- **Required work**: Everything in the listing below except the pictures should be reproduced exactly.

- **Given data**:
= = =
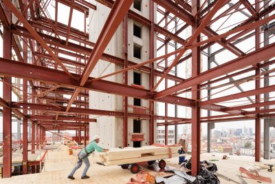 • Tekst: <p>Sur la Noorderlaan à Anvers, un immeuble de bureaux d’une longueur d’au moins 100 m a été équipé d’un étage supplémentaire avec des espaces de bureaux. Cette structure a été conçue comme une interprétation du contexte industriel existant. La structure se compose de portiques métalliques fins qui, avec leurs formes différentes, créent trois grands toits légèrement en pente, en combinaison avec des panneaux CLT. L’interaction entre le bois et l’acier - pour un poids total de 37 tonnes - est un choix idéal, grâce auquel les fermes métalliques peuvent être ancrées dans la structure en béton existante. <br />La nouvelle structure de plancher se compose de poutres métalliques sur lesquelles une tôle métallique trapézoïdale a été posée comme sous-couche pour la finition en OSB et linoléum. <br />La menuiserie extérieure est conçue comme un mur-rideau métallique (26 m2), où les profilés verticaux traversent le bardage de façade pour en souligner le rythme. Les portiques sont ignifugés grâce à un enduit.</p>
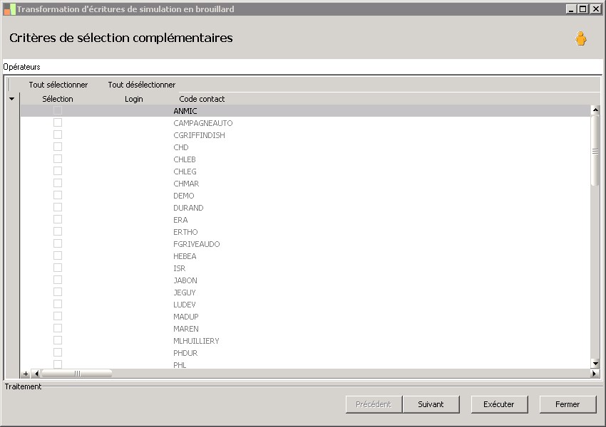 Permet de sélectionner les lots de simulation en fonction de l'opérateur de saisie. |
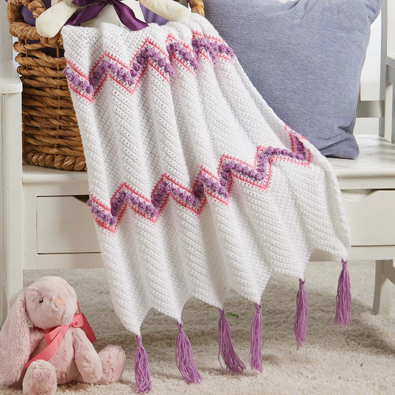 Tassel and striping detail will make this baby afghan the cutest of the bunch! Kit includes Herrschners Worsted 8 Baby Yarn and easy crochet instructions. 28 × 44″ (71 x 112cm). Imported.
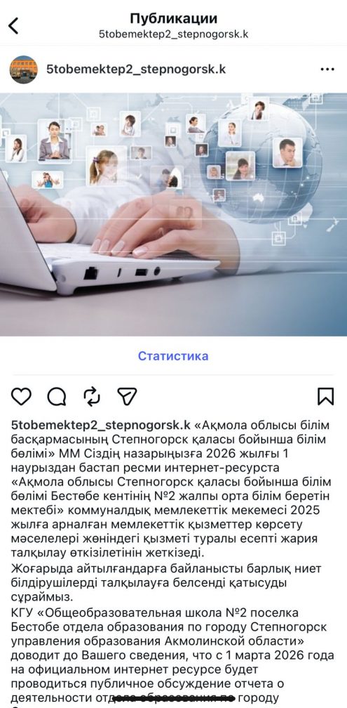 Коммунальное государственное учреждение «Общеобразовательная школа № 2 поселка Бестобе отдела образования по городу Степногорск управления образования Акмолинской области»
= = =
- **Reply to the task**:
 • Tekst: <p>Sur la Noorderlaan à Anvers, un immeuble de bureaux d’une longueur d’au moins 100 m a été équipé d’un étage supplémentaire avec des espaces de bureaux. Cette structure a été conçue comme une interprétation du contexte industriel existant. La structure se compose de portiques métalliques fins qui, avec leurs formes différentes, créent trois grands toits légèrement en pente, en combinaison avec des panneaux CLT. L’interaction entre le bois et l’acier - pour un poids total de 37 tonnes - est un choix idéal, grâce auquel les fermes métalliques peuvent être ancrées dans la structure en béton existante. <br />La nouvelle structure de plancher se compose de poutres métalliques sur lesquelles une tôle métallique trapézoïdale a été posée comme sous-couche pour la finition en OSB et linoléum. <br />La menuiserie extérieure est conçue comme un mur-rideau métallique (26 m2), où les profilés verticaux traversent le bardage de façade pour en souligner le rythme. Les portiques sont ignifugés grâce à un enduit.</p>
 Permet de sélectionner les lots de simulation en fonction de l'opérateur de saisie. |
 Tassel and striping detail will make this baby afghan the cutest of the bunch! Kit includes Herrschners Worsted 8 Baby Yarn and easy crochet instructions. 28 × 44″ (71 x 112cm). Imported.
 Коммунальное государственное учреждение «Общеобразовательная школа № 2 поселка Бестобе отдела образования по городу Степногорск управления образования Акмолинской области»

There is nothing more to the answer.